◆ **Problem requirements**: Make an exact copy, without pictures, of the lines below from the one containing "out of retainer." to the last line, both ends included.

◆ **Information supplied**:
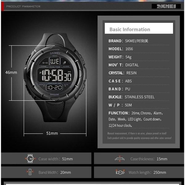 Jam Tangan Pria SKMEI Digital 1656 Black Water Resistant 50m - black
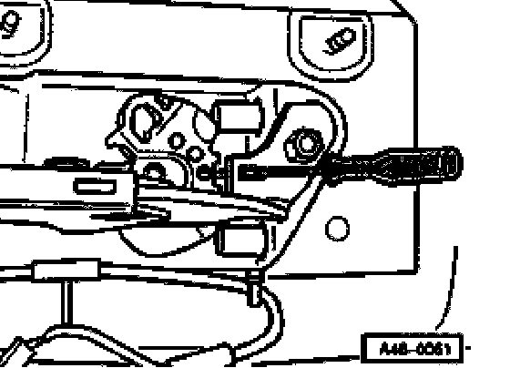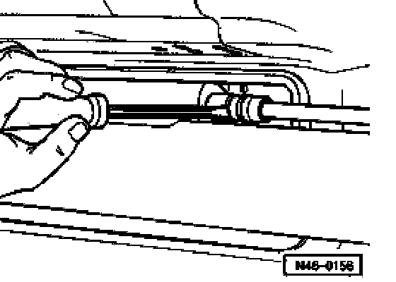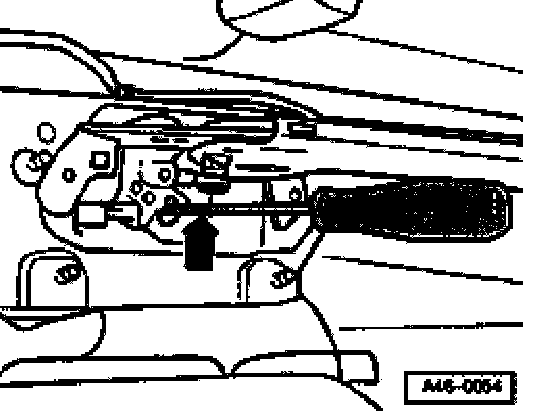 ^ Using a screwdriver press parking brake cable in direction of parking brake lever and push ball out of retainer.
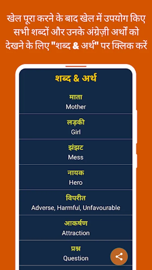 This Hindi word game is very useful for people who are interested to improve their Hindi vocabulary across India and around the world by learning new words and their meanings.

◆ **Response for this exercise**:
 ^ Using a screwdriver press parking brake cable in direction of parking brake lever and push ball out of retainer.
 This Hindi word game is very useful for people who are interested to improve their Hindi vocabulary across India and around the world by learning new words and their meanings.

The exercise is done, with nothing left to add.